Папа, наконец, увидел меня, что с тобой, откуда кровь?
Посмотрел - ничего страшного, сейчас залечим. Но крови-то сколько, ты не малокровный больше, вот что значит дача, свежий воздух.
Дядя наклонился, говорит, здравствуй младший Миркин, я твой дядя Юлик.
Мама уже навстречу - Юлик вернулся, заплакала.
Что ты, Зиночка, он говорит, я смотрю, он сам плачет, только тихо, слезы по щекам бегут.
Он высокий, худой, очень загорелый. Мы пришли, бабки не было, она ушла за продуктами, с другой стороны дачи тоже дорога есть. Потом пришла, тоже плакала, говорит, я бы повесила этого сволоча рядом с Гитлером.
Фанни Львовна, нельзя вслух, хотя я не стал бы вам мешать. Юлик засмеялся, у него голос хриплый, густой.
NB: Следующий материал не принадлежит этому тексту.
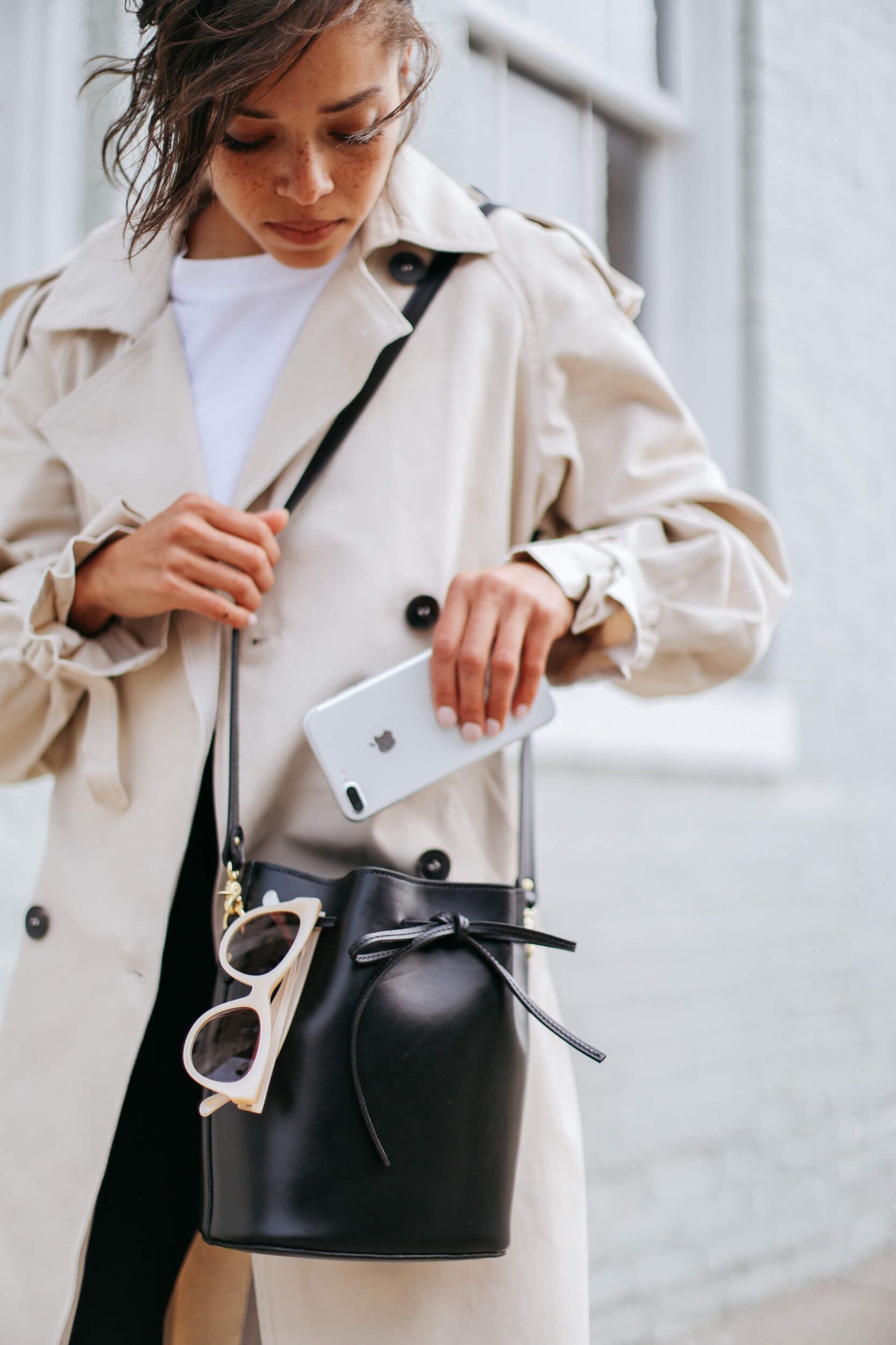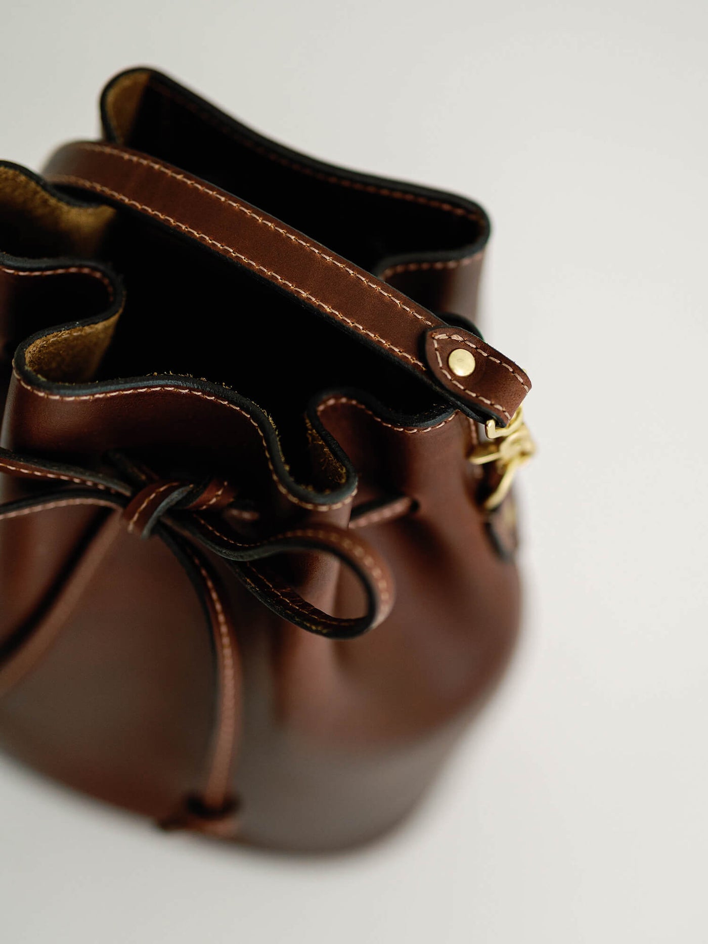 Our Bucket Bag design required more time and attention-to-detail than almost anything we’ve constructed before. Its feminine silhouette is truly what makes it stand out, and our leather drawstring is handcrafted to effortlessly tie into the perfect bow.
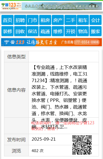 【专业疏通,上下水改装精准测漏,线路维修,电工3171234】:精准测漏,!疏通改装上、下水管道、疏通污水管道、电锤打孔、安装更换水管(PPR、铝塑管)便池、阀门、热水器,疏通管道,修水管、换阀门、水龙头、水表,坐便器便盆、皮碗、水钻打孔卫生间做防水、建筑杂活疏通各种疑难下水道、上下水安装、空调移机加氟、挖凿门口、墙、地面,修装太阳能热水器,地暖暖气、地暖打压清洗,专业电工,电焊工上门服务,专业美缝,开锁换锁,家庭保洁,修装学校商场中央空调,修装消防管道、修装各种消防喷头 地址、电话:桥东3171234👉👉👉桥西15532933523 |
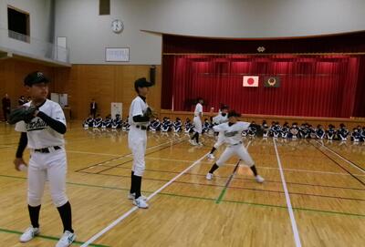 4/13 新入生歓迎会(部活動紹介) 投稿: 校長 (04/13) 本日、放課後、新入生歓迎会(部活動と生徒会執行部の紹介)がありました。1年生に入部してもらえるよう、各部とも工夫を凝らして、紹介やパフォーマンスを行いました。 各部集合です。 1年生が真剣に見ています。 野球部のパフォーマンスです。 男子テニス部です。 女子テニス部です。 男子卓球部です。 女子卓球部です。 柔道部です。 弓道部です。 生徒会執行部のダンスパフォーマンスです。 0 -
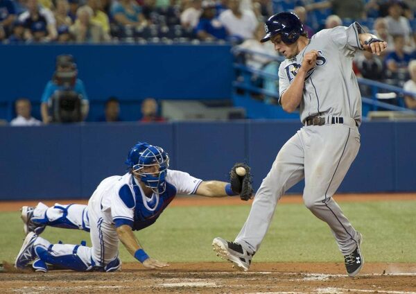 Tampa Bay Rays Will Myers eludes the tag of Toronto Blue Jays catcher J.P. Arencibia to score during ninth inning AL action Toronto on Friday July 19, 2013.Frank Gunn/The Canadian Press
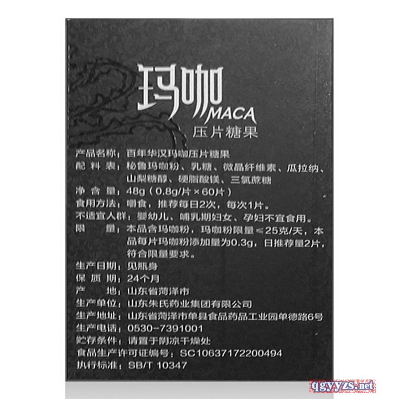 | 主要成分 | 乳糖、玛咖粉、微晶纤维素、山梨糖醇、三氯蔗糖、硬脂酸镁 |
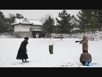 佐賀県内に寒波、平野部でも積雪 雪化粧した佐賀城鯱の門の前ではインドネシアからの留学生が雪遊び(2024年1月24日)
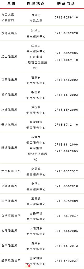 说明:关于恩施市各派出所户政窗口身份证办证联系电话的信息作出特别说明:本信息立足为社会大众提供有价值的参考资料和办事指南等公共信息,部分图文来源于网络或者有关机构公开内容,属于公益性的分享与传播。虽然尽力确保内容的准确性和实效性,但由于各种因素,难免存在疏忽和差错,敬请不吝赐教,欢迎相互交流,共同学习。对信息中陈述、观点判断保持中立,版权属原作者所有,如涉侵权或者差错等问题,请联系网络信息推广平台秋果黄页网客服(187/8199/3958微信同号),一定会及时删除或者修正。谢谢!
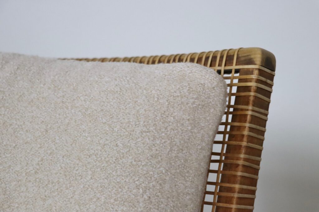 Pair of Midcentury lounge chairs in solid oak wooden frame with woven cane seating and backrest and newly upholstered cushions in a thick, high quality textured cream fabric, Germany 1950s.
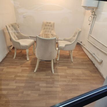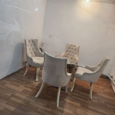 - Kreslolar: yumşaq oturacaq və bel hissəsi, kapitone düyməli arxa, qolu olan rahat forma; ağ/bej rəngli taxta ayaqlar
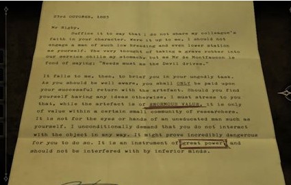 信中文字阴森可怖,末尾一句“我不是这所房子里唯一的鬼魂”令人不寒而栗。读完后获得一副关键道具——特殊眼镜。
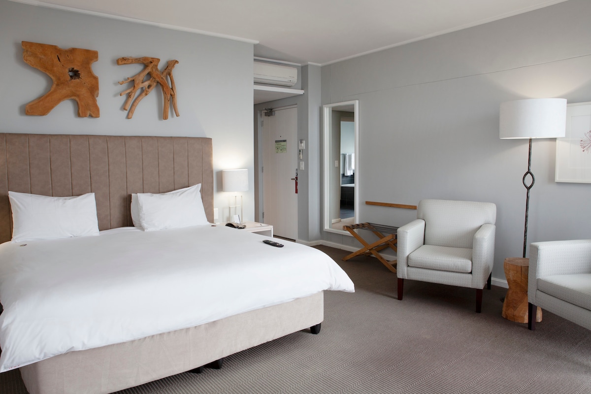 This warm and stylish room at STOEP Boutique Hotel in Kalk Bay is a serene coastal retreat. Featuring a queen-sized bed with textured pillows, a cozy reading nook bathed in natural light, and earthy wooden finishes, the space effortlessly blends comfort with contemporary design. Woven accents, modern art, and lush indoor greenery create a calm, welcoming atmosphere—perfect for relaxing after a day of exploring the charming seaside village of Kalk Bay.
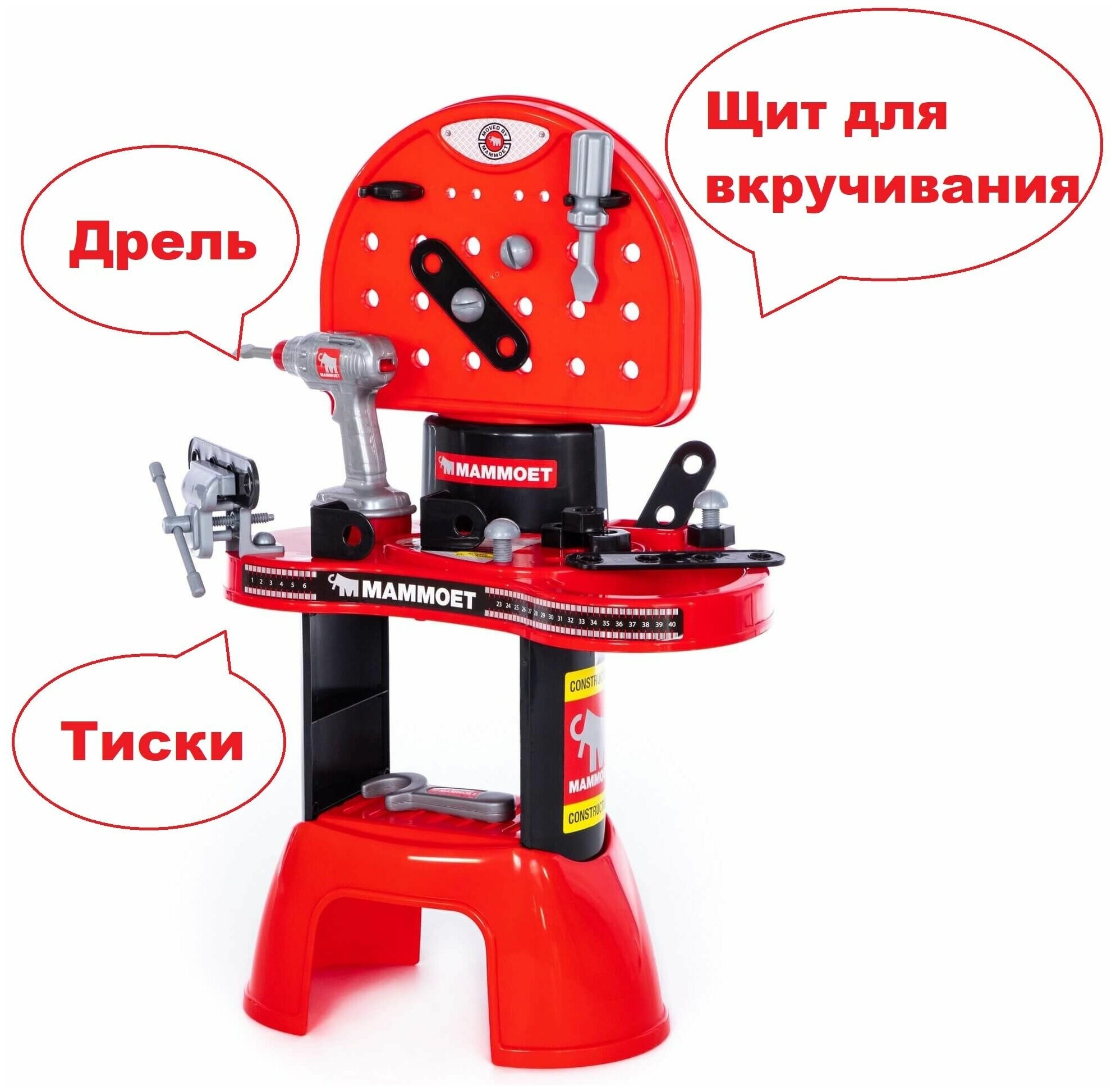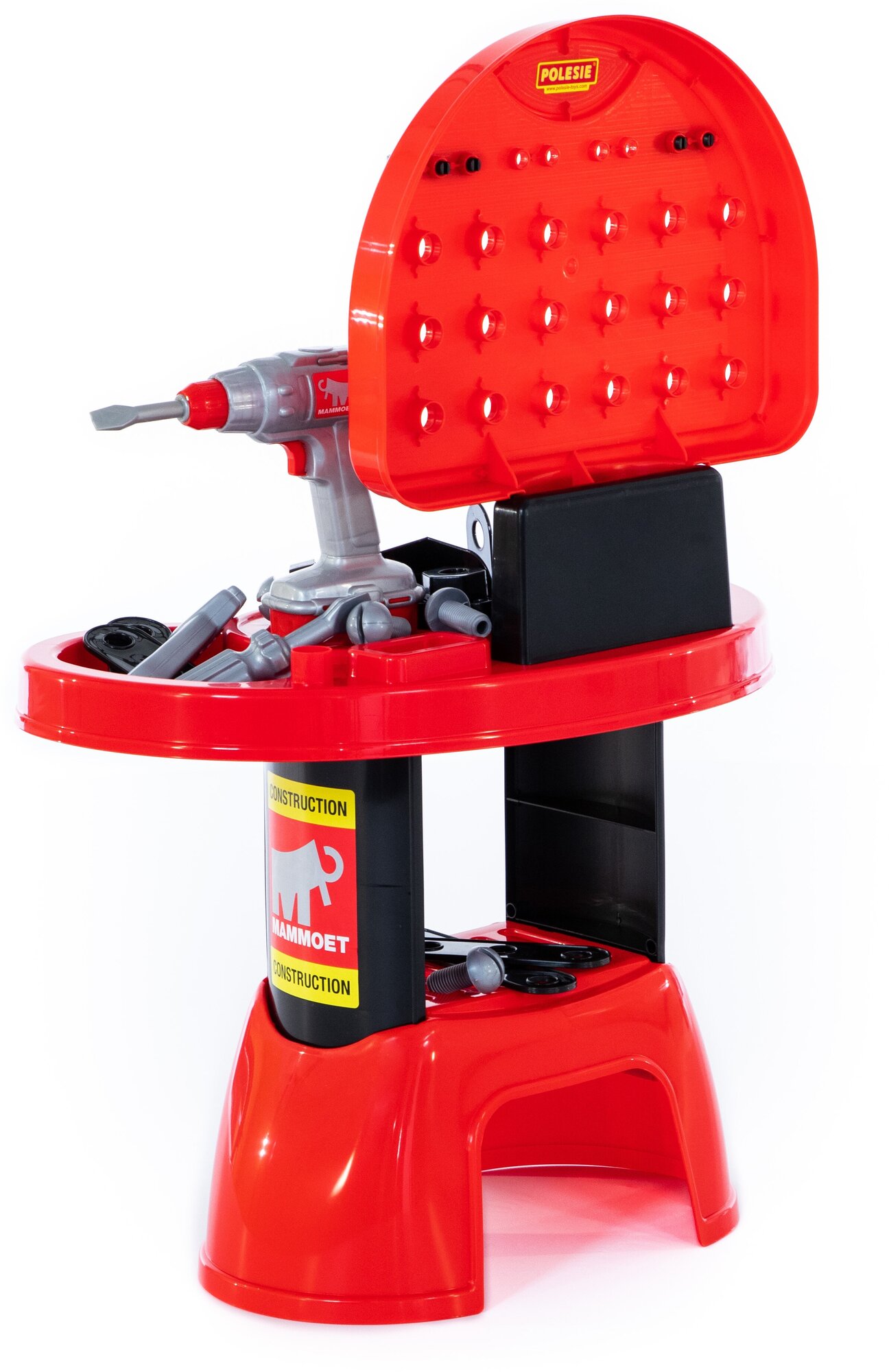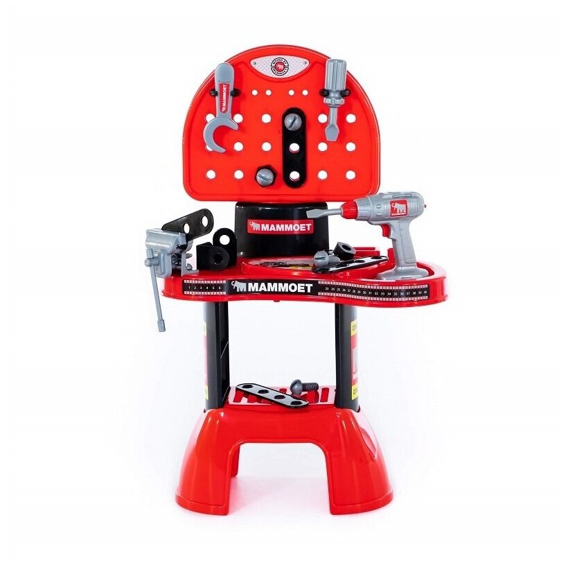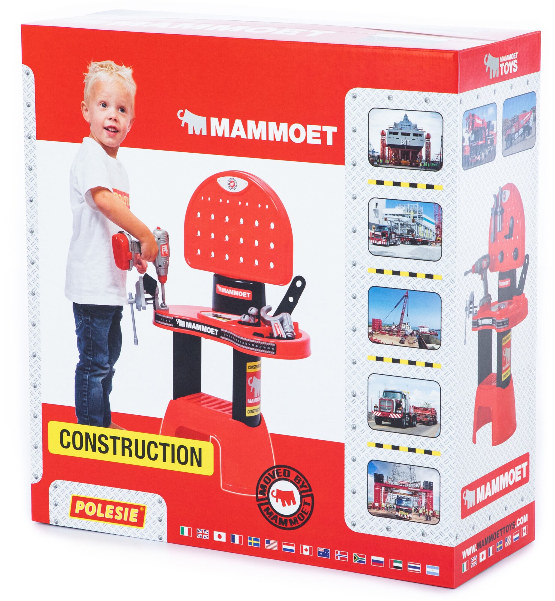 Комплекс «Мастерская МАММОЕТ» представляет собой рабочий стол (верстак) с полочкой для деталей, навесными держателями инструментов, перфорированной столешницей. Особенность набора — электронный шуруповерт. С его помощью ребёнок может откручивать и прикручивать к столешнице винты, присоединять пластины. Кроме того, мальчик познакомится с такими инструментами как отвёртка, гаечный ключ, тиски. В набор входят винты, гайки, соединительные пластины и уголки. С помощью набора мальчик приобретёт первые навыки работы с инструментом. Игровой комплекс развивает творческие способности, логическое мышление и умение конструировать.

Мы обедали, папа спрашивает, Таня где.
Приедет осенью, вот устроюсь.
Потом они с папой и мамой разговаривали. Юлик вытащил бутылку из куртки, папа замахал руками, тебе нельзя!
Мне все можно, я теперь почти свободный.
Почему почти?
Он улыбнулся, потом скажу. Помнишь, мы с тобой бога ругали?
Папа говорит, поэтому я стал врачом, верю, когда вижу и знаю.
Как же ты в призрака веришь?
Какого призрака?
Который по Европе бродит.
Папа смеется, ты шутник, у нас мальчик растет, я с ума не сошел с ними спорить.
Потом я спросил у мамы, какой призрак, она засмеялась, раньше мы злые на богатых были, любили русских.
А теперь?
Теперь мы умней, никого не любим, больше узнали.
А что, что узнали?
Что попали в мясорубку.
Что ты мальчику голову морочишь, говорит бабка, какая мясорубка, ему жить и жить.
Так ничего и не понял.
Вечером Юлик уехал, ему нельзя оставаться, и даже приезжать запретили, а он все равно приехал. Он будет жить не очень далеко отсюда, там даже лучше, воздух здоровый и летом суше, чем у нас, потому что море далеко. Поселок в лесу.
Мама говорит, у него нездоровый вид.
Ему трудно помочь, папа сказал, он далеко зашел, а слушать никого не хочет. Согревался напитками, говорит. Хоть бы Таня его встряхнула...
Я стал думать, что с Юликом случилось, ничего не придумал, и заснул.
На даче в гостях
Мы познакомились на даче. Толстенькая женщина с добрыми глазами. Учительница музыки. Она живет с мамой, похожей на нее, только толще и старше. Они говорят басом, и у обеих усики над верхней губой. У нас временное жилье - дача, а они здесь постоянно, в деревянном двухэтажном доме на высоком втором этаже. Мне понравилось у них. Уютно и просторно, и видно, что не каждый день убирают. Везде книги и журналы, валяются, где попало, даже на полу. Они живут не одни, но Карлуши не было дома, он гулял. Учительницу зовут Ангелина. "Сейчас будем слушать музыку" - она взяла легкими пальцами очень толстую пластинку, темную, как будто из железа, и подошла к проигрывателю. Сейчас будет дырочкой искать штырек... Я знал, что это трудно, но она сразу надела пластинку, и мы стали слушать. Голос пробивался через треск.